Question

In a series of 4 trials, the probability of getting two successes is equal to the probability of getting three successes. The probability of getting at least one success is:

• A. \(\frac{609}{625}\)
• B. \(\frac{16}{625}\)
• C. \(\frac{513}{625}\)
• D. \(\frac{112}{625}\)

Answer 1

The Correct Option is A

The problem involves a binomial distribution for which the probability \( P(X = k) = \binom{n}{k} p^k (1-p)^{n-k} \) is used, where \( n \) is the number of trials, \( k \) is the number of successes, and \( p \) is the probability of success. Here, \( n = 4 \). Given that the probability of 2 successes equals the probability of 3 successes: \[ \binom{4}{2} p^2 (1-p)^2 = \binom{4}{3} p^3 (1-p)^1 \] Solving: \[ 6p^2 (1-p)^2 = 4p^3 (1-p) \] Simplify by eliminating common terms: \[ 6(1-p) = 4p \] Rearrange to find \( p \): \[ 6 - 6p = 4p \Rightarrow 6 = 10p \Rightarrow p = \frac{3}{5} \] The probability of getting at least one success is calculated as: \[ P(\text{at least one success}) = 1 - P(\text{no success}) \] Using \( P(\text{no success}) = (1-p)^n \): \[ P(X \geq 1) = 1 - (1-\frac{3}{5})^4 = 1 - (\frac{2}{5})^4 = 1 - \frac{16}{625} = \frac{609}{625} \] Thus, the probability of getting at least one success is \(\frac{609}{625}\).

Answer 2

Let \( p \) and \( q = 1 - p \) be the probabilities of success and failure, respectively. The probability of getting \( r \) successes in \( n \) trials is:

\[ P(r) = \binom{n}{r} p^r q^{n-r}. \]

For \( n = 4 \), the probabilities of two and three successes are equal:

\[ \binom{4}{2} p^2 q^2 = \binom{4}{3} p^3 q. \]

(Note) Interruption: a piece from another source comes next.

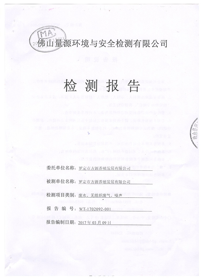 羅定市方源養殖發展有限公司環保檢測信息公開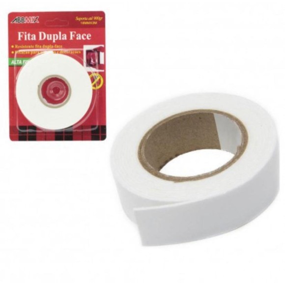 FITA DUPLA FACE ESPUMA ABBMIX, POSSUI ALTA FIXAÇÃO PARA QUADROS E DECORAÇÕES. SUPORTA ATÉ 900gr, SUA MEDIDA É 18MMx3M

Simplify the binomial coefficients:

\[ 6p^2 q^2 = 4p^3 q. \]

Divide through by \( p^2 q \) (since \( p, q > 0 \)):

\[ 6q = 4p \implies 3q = 2p \implies q = \frac{2}{5}, \; p = \frac{3}{5}. \]

The probability of getting at least one success is:

\[ P(\text{at least one success}) = 1 - P(0), \]

where:

\[ P(0) = \binom{4}{0} p^0 q^4 = q^4 = \left( \frac{2}{5} \right)^4 = \frac{16}{625}. \]

Thus:

\[ P(\text{at least one success}) = 1 - \frac{16}{625} = \frac{609}{625}. \]